А.П.: Именно так. После выборов 2005 года, на которых Консервативная партия вновь потерпела поражение, Дэвид Кэмерон решил выдвинуть свою кандидатуру на пост главы партии. Он включил концепцию «сломленной Британии» в свою программу. Лиам Фокс, боровшийся с Кэмероном за партийное лидерство (сейчас он занимает пост Министра обороны), также подхватил концепцию «сломленной Британии» и сделал ее частью своей кампании. Это был интересный поворот – с 2005 года Консервативная партия начала говорить о необходимости восстановления доверия не только к экономическим механизмам, но еще и к институтам гражданского общества. После целого ряда испытаний Дэвид Камерон все же победил на партийных выборах, а «сломленная Британия» стала частью его кампании и партийной политики.

 

РЖ: Как именно Британия оказалась сломлена? Это результат неправильной политики, это результат десятилетий неолиберального курса? Кто виноват и что, прежде всего, нуждается в исправлении?

А.П.: Концепция «сломленной Британии» предполагает критическое отношение как к экономическому, так и к социальному либерализму. Здесь имеются в виду не основополагающие принципы либерализма, такие как верховенство закона и принцип разделения властей, но исключительно социальный и экономический либерализм. То интеллектуальное наследие, к которому критически апеллирует концепция «сломленной Британии» – это социальные и культурные химеры левых в слиянии с политическими и экономическими химерами правых. Причем данное слияние произошло именно в рамках либеральной парадигмы.

Как известно, в 1968 году у нас произошла социокультурная революция, которую возглавили левые силы. Они заявили о своем неприятии власти, семейных и общественных структур, провозгласив принципы индивидуального выбора и личных свобод — никаких всеобщих моральных норм, эмансипация и освобождение от авторитарных традиций. Плодом победы левых сил стала наша социальная культура.

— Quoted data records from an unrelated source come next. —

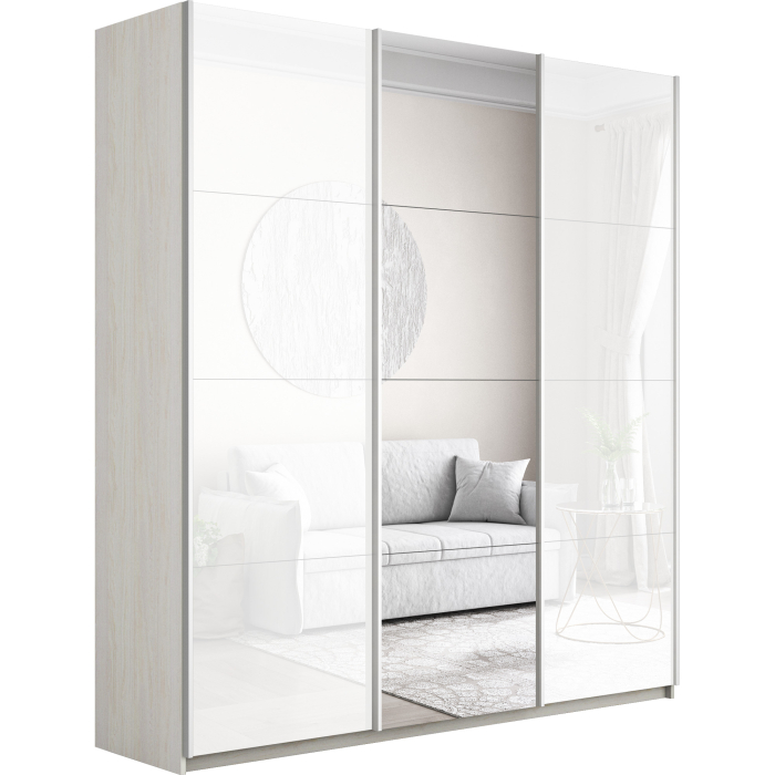 Отзывы о Столплит Шкаф-купе Прайм 3-х дверный Стекла белые/Зеркало/Доводчики 210х57х230 Ясень Анкор светлый
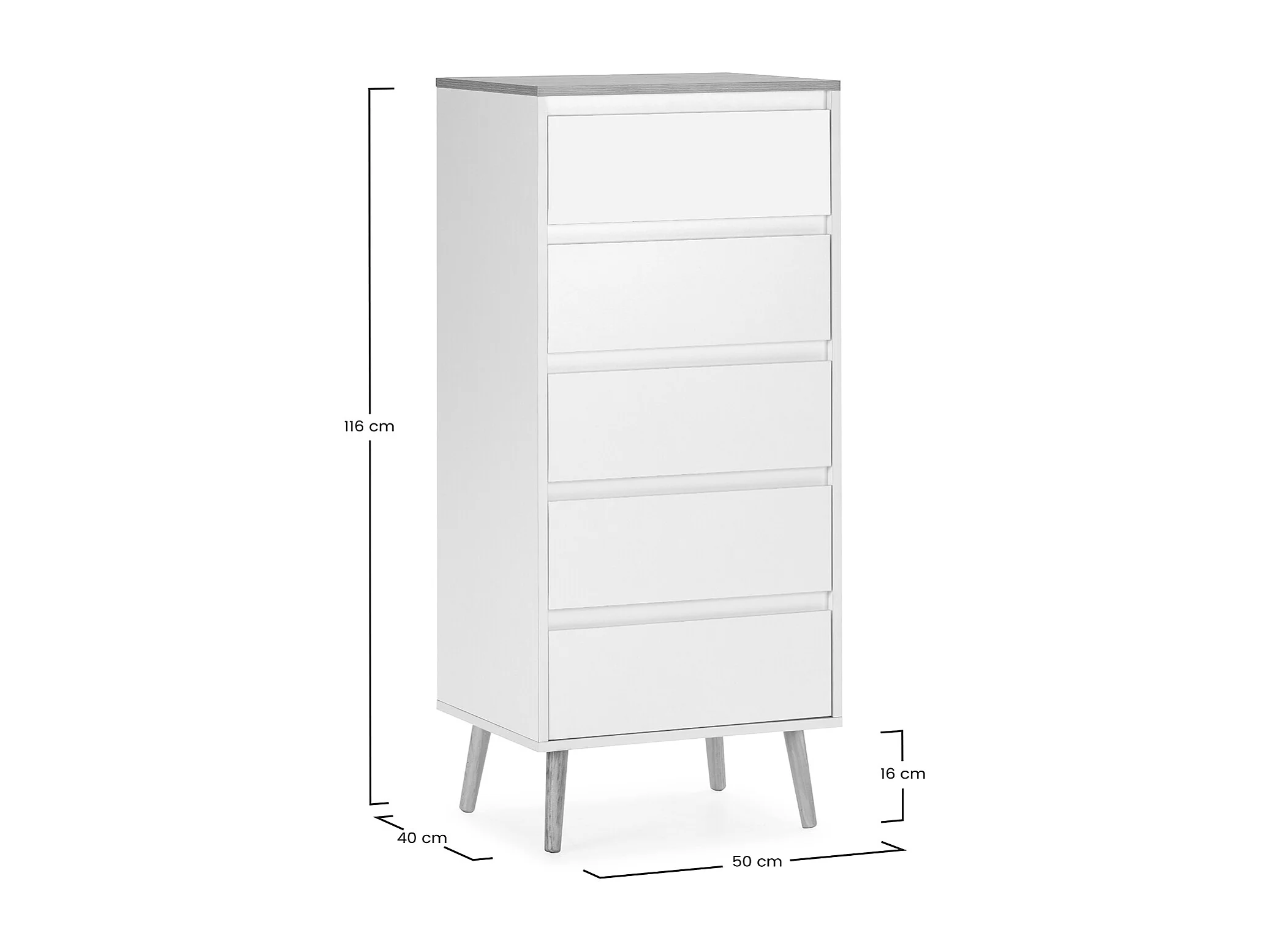 Commode haute Desi 5 tiroirs couleur Blanc
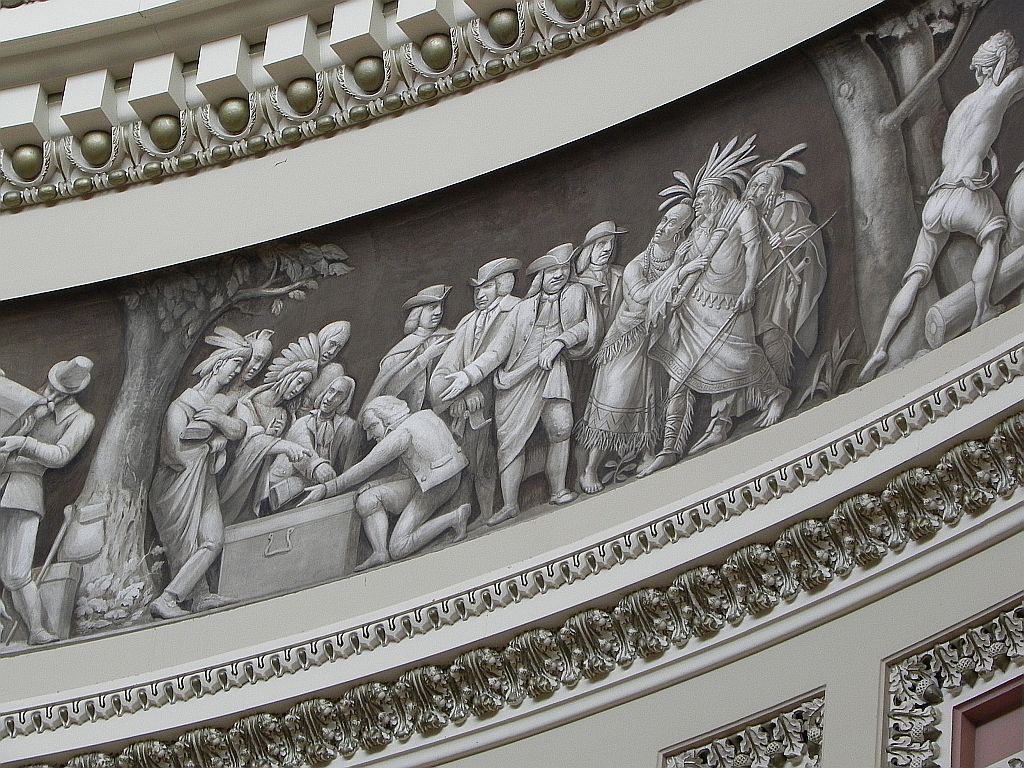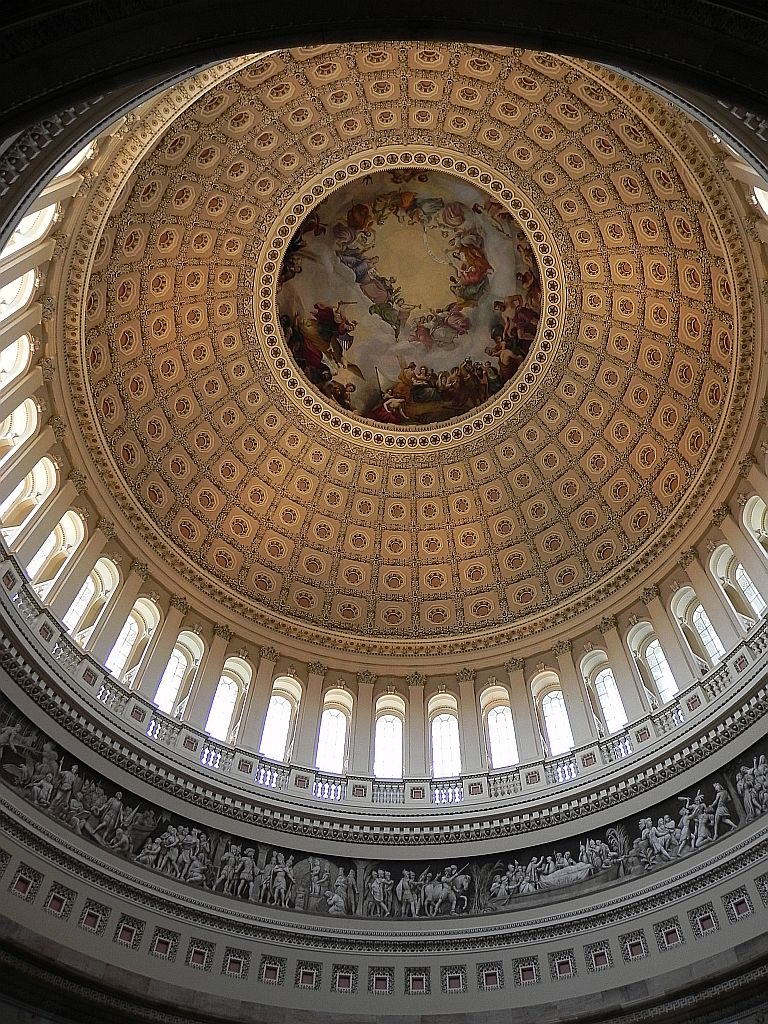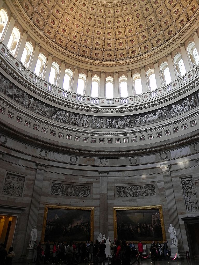 Auch kann man hier das „Fries der amerikanischen Geschichte“ bewundern (die Malerei im Bild oben, was man unter den Säulengang sieht), welches 19 Szenen aus der amerikanischen Geschichte darstellt. Das Fries wurde, wie die Malerei in der Kuppel selber, vom italienischen Maler Constantino Brumidi angefertigt. Interessant fanden wir dabei, dass Brumidi bei der Malerei an der 8. Szene vom Gerüst gefallen ist und 15 Minuten am Geländer hing, bevor er gerettet wurde.

За этим в 70-х годах последовала победа правых сил, восторжествовавших в пространстве политики (Рональд Рейган, Маргарет Тэтчер, а также другие лидеры). Этой политической победе сопутствовали соответствующие экономические меры: Ричард Никсон в 1971 году отменил «золотой стандарт», он отменил контроль за движением капитала, а также открыл дорогу совершенно новым тенденциям в глобальной экономике и финансах, ориентированным исключительно на оборот денег, а не на реальные инвестиции.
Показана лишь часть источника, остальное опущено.